__ENTRIES PROVIDED__:
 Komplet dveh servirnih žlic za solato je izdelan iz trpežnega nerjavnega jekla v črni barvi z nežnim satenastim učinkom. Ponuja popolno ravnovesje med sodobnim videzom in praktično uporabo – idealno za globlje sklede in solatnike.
* * *
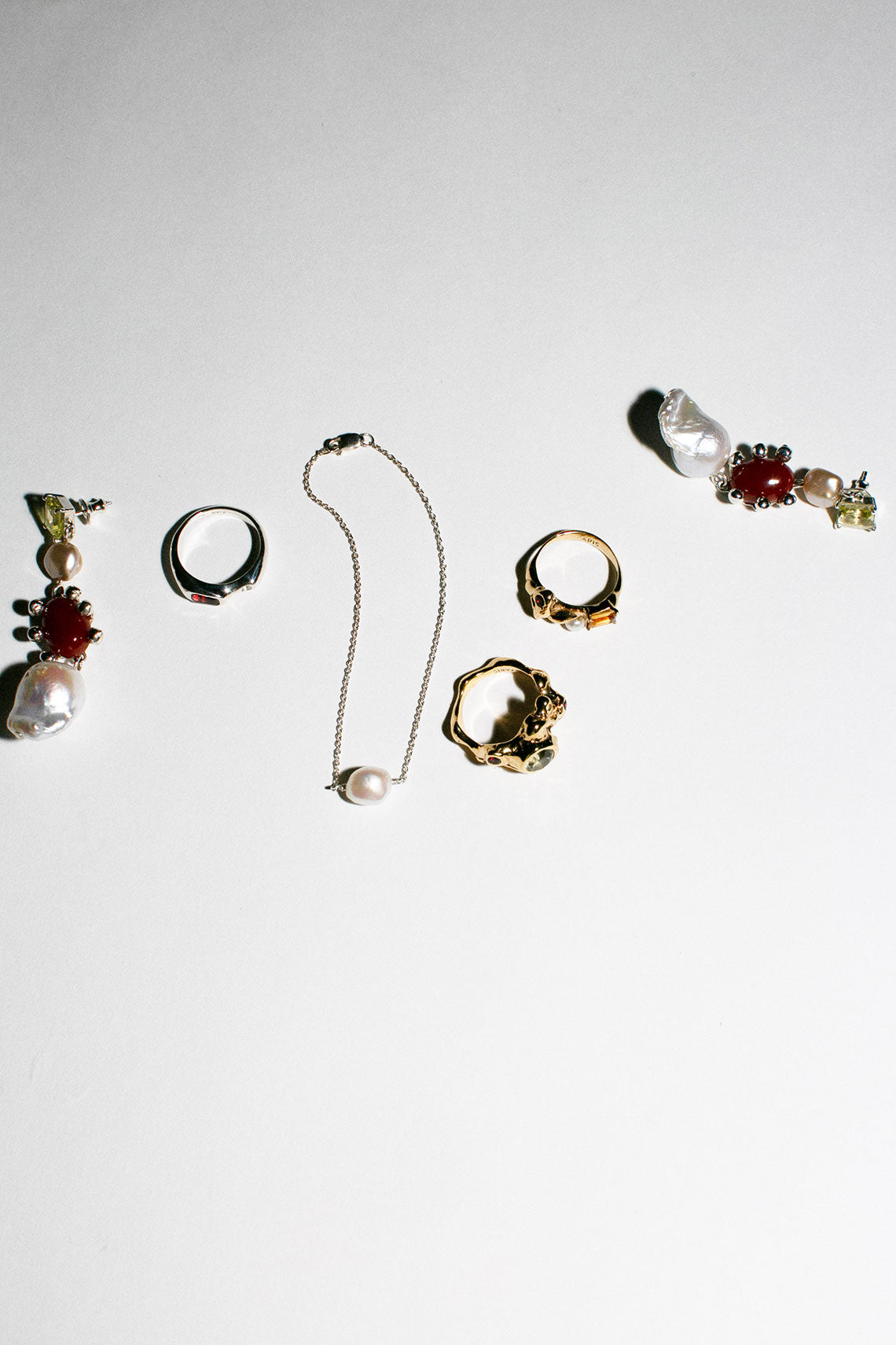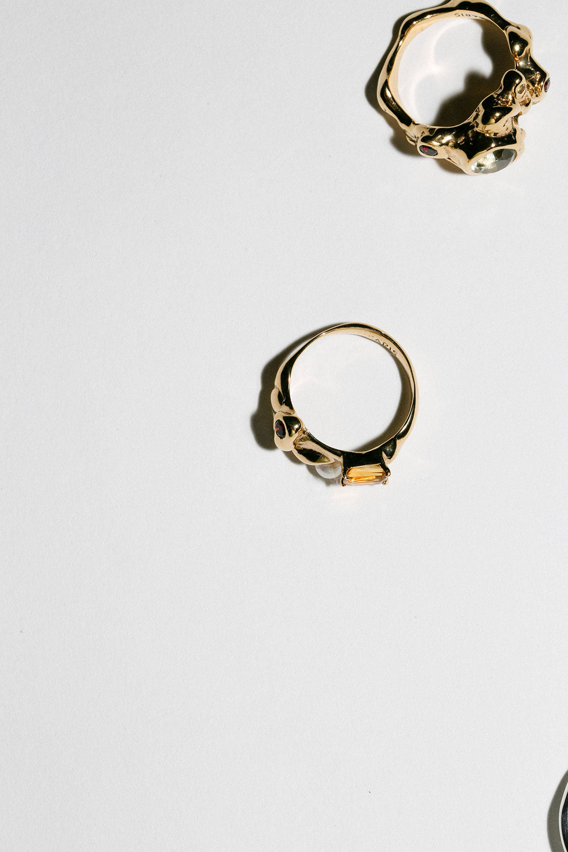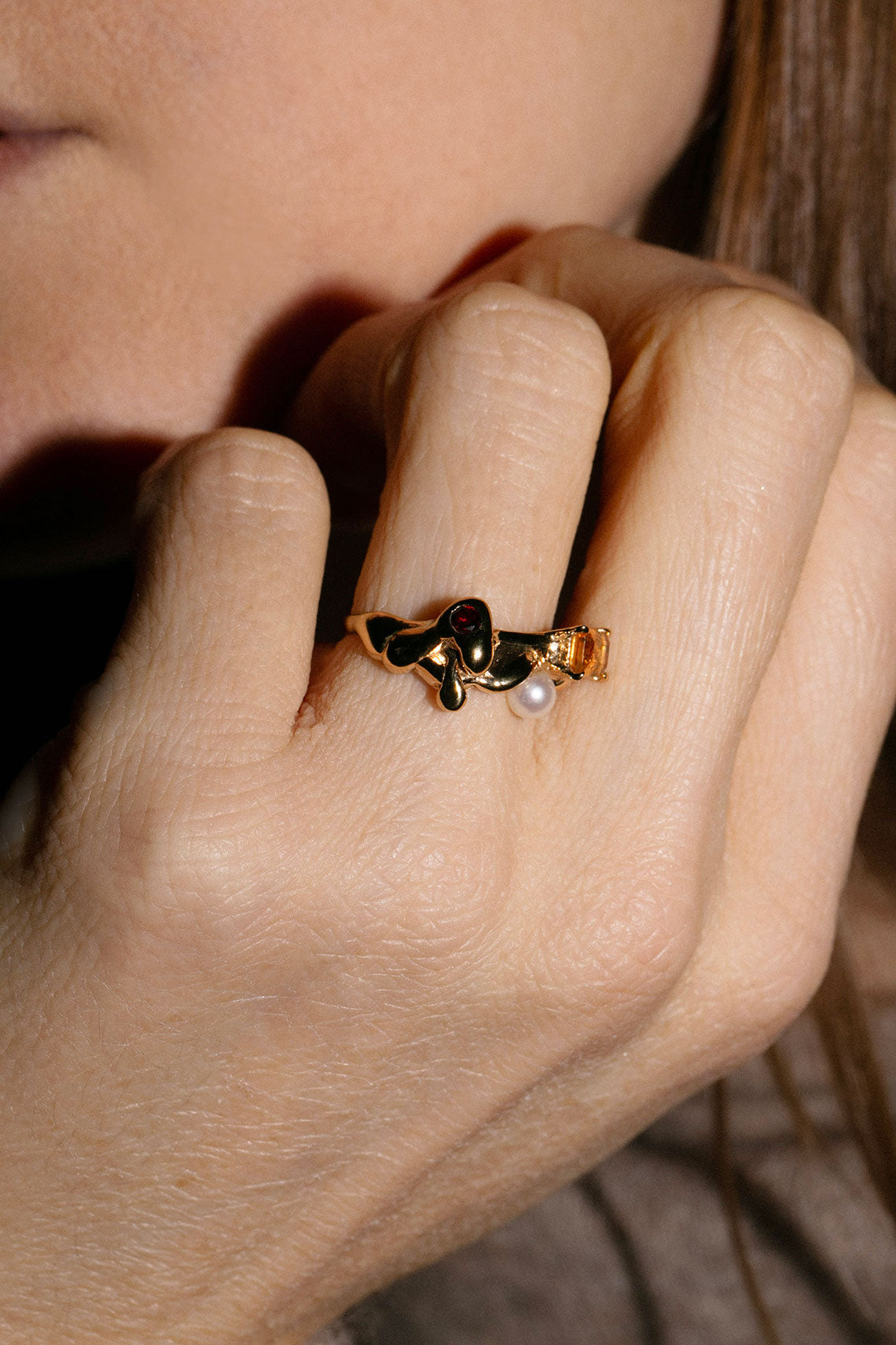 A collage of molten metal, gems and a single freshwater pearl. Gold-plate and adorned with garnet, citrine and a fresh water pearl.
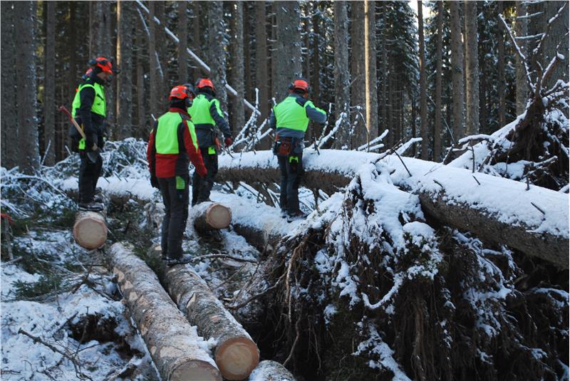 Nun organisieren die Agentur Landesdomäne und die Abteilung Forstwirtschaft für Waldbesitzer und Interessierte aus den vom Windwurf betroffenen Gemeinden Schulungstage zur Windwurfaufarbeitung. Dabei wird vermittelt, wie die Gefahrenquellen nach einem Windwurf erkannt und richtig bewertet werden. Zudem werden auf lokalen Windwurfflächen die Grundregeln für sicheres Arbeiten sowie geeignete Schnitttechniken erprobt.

__TASK DIRECTIONS__:
Set the pictures aside and transcribe exactly the stretch of lines above, beginning with the one holding "A collage of" and ending with the one holding "Nun organisieren die".

__RESULT OF THE TASK__:
 A collage of molten metal, gems and a single freshwater pearl. Gold-plate and adorned with garnet, citrine and a fresh water pearl.
 Nun organisieren die Agentur Landesdomäne und die Abteilung Forstwirtschaft für Waldbesitzer und Interessierte aus den vom Windwurf betroffenen Gemeinden Schulungstage zur Windwurfaufarbeitung. Dabei wird vermittelt, wie die Gefahrenquellen nach einem Windwurf erkannt und richtig bewertet werden. Zudem werden auf lokalen Windwurfflächen die Grundregeln für sicheres Arbeiten sowie geeignete Schnitttechniken erprobt.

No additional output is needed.